Nested exception: Content is not allowed in prolog.

XML編碼錯誤：
左邊報錯的XML，右邊正常的xml文件，比較工具Beyond Compare 4

解決辦法：
1、使用Notepad++編輯器，將以UTF-8格式編碼的文件轉換爲以UTF-8無Bom格式編碼的文件，另存爲即可。

2、對於webService接收來的xmlString的處理，使用如下方法，修改xml字符串

/**
     * 檢查xml字符串是否有非法前綴
     * @param xmlStr
     * @return
     */
    public String checkXMLStr(String xmlStr){

        StringBuilder sb= new StringBuilder(xmlStr);
        int index = sb.indexOf("<?xml");
        if(index > 0){
            sb.delete(0, index);
            xmlStr = sb.toString();
        }else if(index == -1){
            xmlStr = "";
        }
        return xmlStr;

    }

3、爲了程序的健壯性，可以在讀文件的時候，加入判斷，判斷是否有Bom，有的話，在生成字符串的時候，將其刪除，方法如下：

/**
     * 檢查byte數組 是否有BOM頭
     * UTF8文件都有一個3字節的頭，爲“EF BB BF”(稱爲BOM--Byte Order Mark)
     * @param bytes
     * @return
     */
    private static boolean CheckBOM( byte[] bytes )
    {
        boolean isBOM = false;
        {
            if(bytes.length >3){
                 if( 0xef == (bytes[0] & 0xff) 
                     && 0xbb == (bytes[1] & 0xff) 
                     && 0xbf == (bytes[2] & 0xff) ){
                     isBOM = true;
                 }
            }
        }
        //System.out.println("是否有BOM："+isBOM);
        return isBOM;
    }
/**
     * 將文件讀取爲UTF-8編碼字符串
     * @param filePath
     * @return
     */
    public String getXMLFileText(String filePath) {
        String retXMLStr = "";

        byte[] bt = fileToByteArray(filePath);
        //加入一個判斷，文件流是否含有Bom，有就刪除
        if( CheckBOM(bt) ){
            try {
                retXMLStr = new String(bt,3,bt.length -3, "utf-8");
            } catch (UnsupportedEncodingException e) {
                // TODO Auto-generated catch block
                e.printStackTrace();
            }
        }else{
            try {
                retXMLStr = new String(bt,0 ,bt.length, "utf-8");
            } catch (UnsupportedEncodingException e) {
                // TODO Auto-generated catch block
                e.printStackTrace();
            }
        }
        //return checkXMLStr(retXMLStr);
        return retXMLStr;
    }
    // 將文件讀成byte[]數組
    public byte[] fileToByteArray(String filePath) {

        filePath = filePath.replaceAll("\\\\", "/");
        File file = null;
        FileInputStream fileInputStream = null;
        BufferedInputStream in = null;
        ByteArrayOutputStream out = null;
        byte[] bt = null;
        try {
            file = new File(filePath);

            if (!file.exists() || file.isDirectory()) {
                return null;
            }
            fileInputStream = new FileInputStream(file);

            in = new BufferedInputStream(fileInputStream);
            out = new ByteArrayOutputStream();
            byte[] temp = new byte[1024 * 1024];  //每次讀取 1M
            int size = 0;
            while ((size = in.read(temp)) != -1) {
                out.write(temp, 0, size);
            }

            bt = out.toByteArray();
            // for(int i = 0; i < bt.length; i++)

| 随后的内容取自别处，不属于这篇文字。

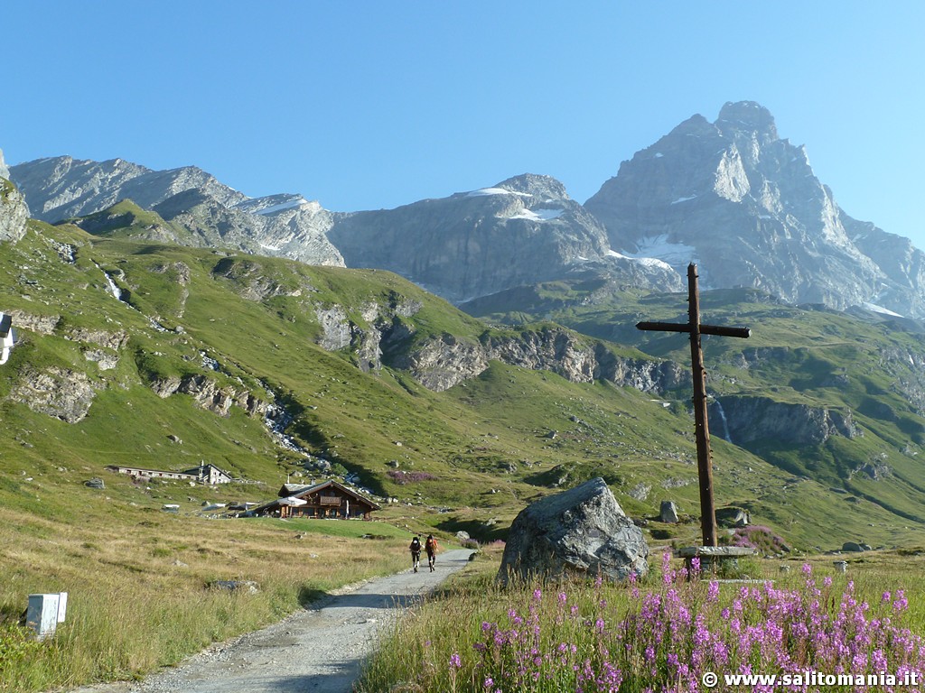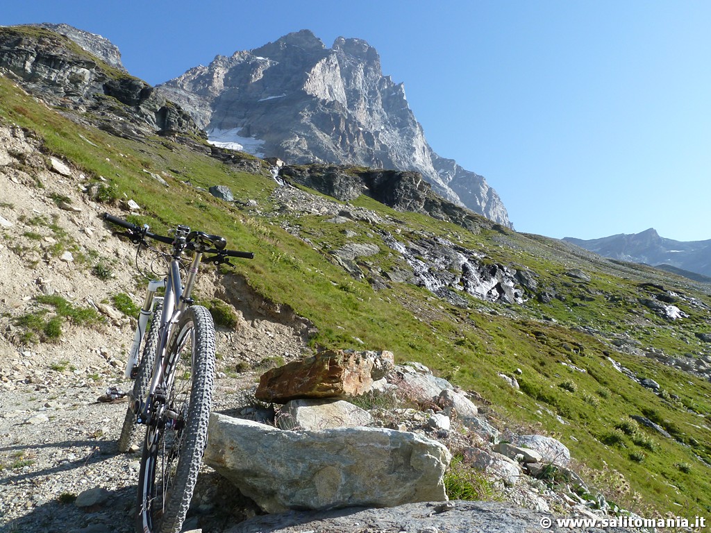 La giornata si preannuncia subito torrida: appena qualche colpo di pedale e sono già in un bagno di sudore. La salita al Rifugio Lo Riondè (o Duca degli Abruzzi come si chiamava sino a pochi anni orsono) si svolge su una bella strada sterrata che sale defilata rispetto alle brutture edilizie che hanno fatto scempio della conca del Breuil: pendenze oneste, mai particolarmente impegnative. Il Cervino è il vero leif motiv di questa salita, è lì che incombe sopra la tua testa, in tutto il suo aspetto magnifico e al tempo stesso tenebroso: solitamente incappucciato già dalle prime ore del giorno, oggi si svela completamente in tutta la sua elegante sinuosità, impossibile restare indifferenti.

        } catch (Exception e) {
            e.printStackTrace();
        } finally {
            try {
                fileInputStream.close();
                in.close();
            } catch (IOException e) {
                // TODO Auto-generated catch block
                e.printStackTrace();
            }
        }

        return bt;
    }